How to deploy OpenEDR in your environment

You can deploy and use OpenEDR in following ways:

What is available today (as of 28th September 2020)
1-Full Comodo Dragon Enterprise platform (with Pre-compiled OpenEDR with full management capability and portal (no Fee for 3 months, until you can setup your own ELK stack)
https://enterprise.comodo.com/dragon/ (you can create an account with this link)

Coming soon… (hoping to have these within weeks)
** https://github.com/ComodoSecurity/openedr its now LIVE ( 9th Nov 2021!) ****
1- You can download the source code from Github (coming soon), compile it, then create your own ELK.
2- Use the compiled OpenEDR package integrated into Comodo Dragon Enterprise platform (Free to use) along with your own ELK.
3-Use the compiled OpenEDR package integrated into Comodo Dragon Enterprise platform with Comodo’s data lake (free up to 7 day storage) (for Any Comodo endpointsecurity customers)
4-Comodo to provide managed ELK Stack integrated with OpenEDR (you can use the Comodo Dragon Enterprise Platform to manage all the endpoints, for free)

Happy to hear any other ideas about other deployment scenarios please.

1 Like

did you have evaluate with other siem ?!
for example, collect log from EDR and send via syslog or json ?
because i can have an other siem like qradar/arcsight or splunk in my lab environment…

Hi Jolly,
we will use FileBeats/Logstash for sending the logs and for opensource version the collected logs will be locally stored as well. So here is some examples what you can configure

  • you can configure Beats HTTP output plugin to send to Splunk or QRadar both supports HTTP event collection
  • you can configure syslog-ng to send the logs whatever destination you want
1 Like

Thanks for bringing this to the community. Just wondering, does it support cross-platform or just then Windows environment?

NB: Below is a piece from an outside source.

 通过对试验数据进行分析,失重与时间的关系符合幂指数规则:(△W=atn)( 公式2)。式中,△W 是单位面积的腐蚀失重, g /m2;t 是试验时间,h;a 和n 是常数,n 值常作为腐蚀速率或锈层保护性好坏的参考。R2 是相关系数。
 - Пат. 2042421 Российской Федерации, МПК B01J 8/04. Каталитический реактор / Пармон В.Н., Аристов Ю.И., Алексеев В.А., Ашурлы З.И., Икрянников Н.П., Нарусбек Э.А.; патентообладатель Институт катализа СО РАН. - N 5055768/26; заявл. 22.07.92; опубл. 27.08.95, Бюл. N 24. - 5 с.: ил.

Also, when can we expect the Recommended Specs and Installation Instructions to be released?

yes for now it will support only Windows, we will adapt it for Linux as well.
Tomorrow we are releasing the binaries, I will update with instructions as well

binary is live!

1 Like

I have registered Dragon Enterprise and enrolled devices on my dashboard. But how to find my openedr logs on the dashboard? Any steps to do?

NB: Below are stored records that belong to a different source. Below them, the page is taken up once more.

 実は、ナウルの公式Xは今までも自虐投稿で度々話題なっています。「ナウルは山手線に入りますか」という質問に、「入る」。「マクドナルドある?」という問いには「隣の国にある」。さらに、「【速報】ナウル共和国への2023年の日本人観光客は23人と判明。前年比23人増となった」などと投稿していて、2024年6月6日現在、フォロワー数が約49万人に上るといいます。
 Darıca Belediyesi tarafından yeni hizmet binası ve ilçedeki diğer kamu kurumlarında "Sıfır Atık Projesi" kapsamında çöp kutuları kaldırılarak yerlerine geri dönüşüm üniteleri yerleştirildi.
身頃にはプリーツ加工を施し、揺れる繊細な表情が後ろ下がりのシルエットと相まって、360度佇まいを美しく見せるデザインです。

OpenEDR writes the logs to local folder please check install notes here : https://github.com/ComodoSecurity/openedr , we are going to expand this in further releases : https://github.com/ComodoSecurity/openedr_roadmap/issues/1

If you use DragonEnterprise, you dont have to do anything, the agents from the portal automaticly reports to the portal

I installed via the MSI provided on github, and I verified that the service is running;

PS C:\Users\OpenEDR> get-service edrsvc
Status Name DisplayName
Running edrsvc OpenEDR Service

However I am not seeing the following folder C:\ProgramData\edrsvc to grab telemetry data.

What am I missing?

I just created an account on Dragon and it says I can manage 50 devices. how can I expand past 50 without paying?
thanks

hi @stein97

For now we are doing it manually. (automation coming soon).
Please send an email to quick-start@openedr.com, and our guys will provide all the licensing you need to run for more than 50 devices.

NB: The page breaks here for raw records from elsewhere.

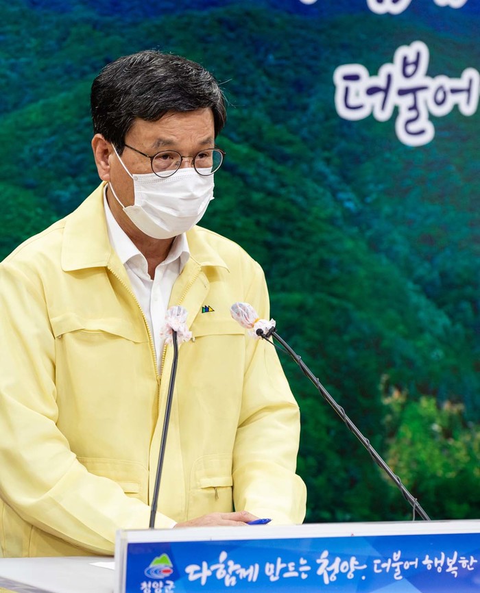| ▲ 김돈곤 청양군수가 코로나19 확진자 속출과 관련 사회적 거리두기 2단계와 개인생활수칙 철저 준수를 호소하고 있다. |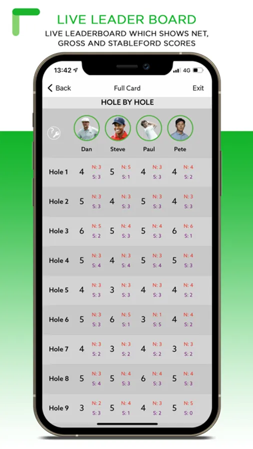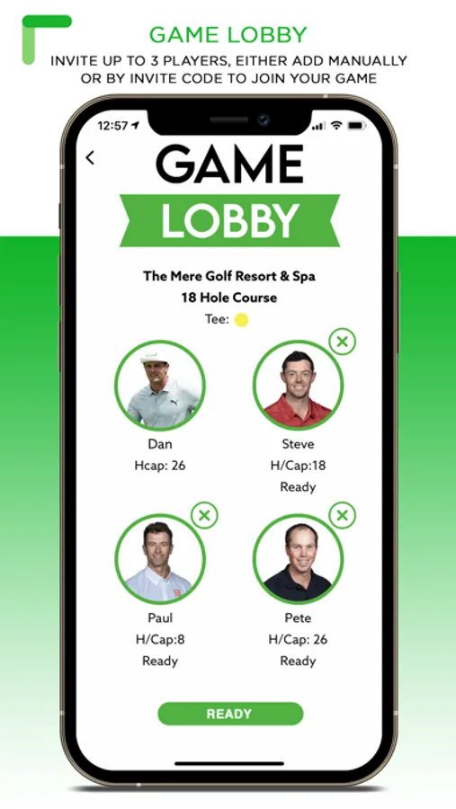 Score up to 4 players on your device, you can add manually or send a unique game code so they can score on their own device but track the leader board as the scores are entered.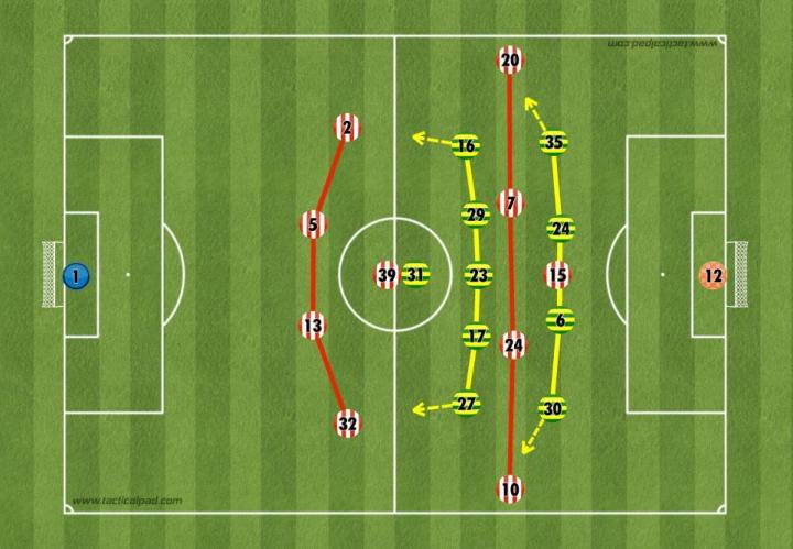 尽管诺维奇对阵型进行了调整,但诺维奇还是在比赛过程中落位成了更加习惯的4-2-4阵型。非常令人出人意料,福肖与黄义助实际都出现在了伪九的位置,而萨拉仍与麦克莱恩搭档双中前卫,在比赛中全队都执行了大幅回撤的布置。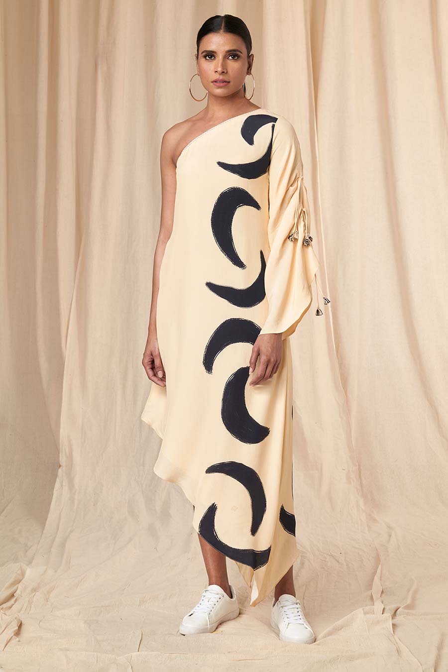 Vanilla Mist Embroidered One-Shoulder Kaftan

Aha, no wonder some code such as nfapi::cmdedr has no reference to the original netfilter sdk.
However, will try releases section at github.

1 Like

let us know if we can be of assistance please @fatah .

OK I have done the following:
Registered account with Dragon
Download agent only & installed
Install OpenEDR 2.0 on the computer.
Rebooted and now I can see the the desktop in Dragon and it says edr is installed.

To test the edr I ran the scripts from github https://github.com/op7ic/EDR-Testing-Script/blob/master/runtests.bat

Script ran MS Defender complained so I stopped it and re-ran.
edr reported no information in Dragon.

What did I do wrong?

thanks

Hi @melih, I have tried to build OpenEDR source code but facing problems.
I have already posted problems in " Problems Issues and Resolutions" tab but not getting response.
Could you please look into that tab.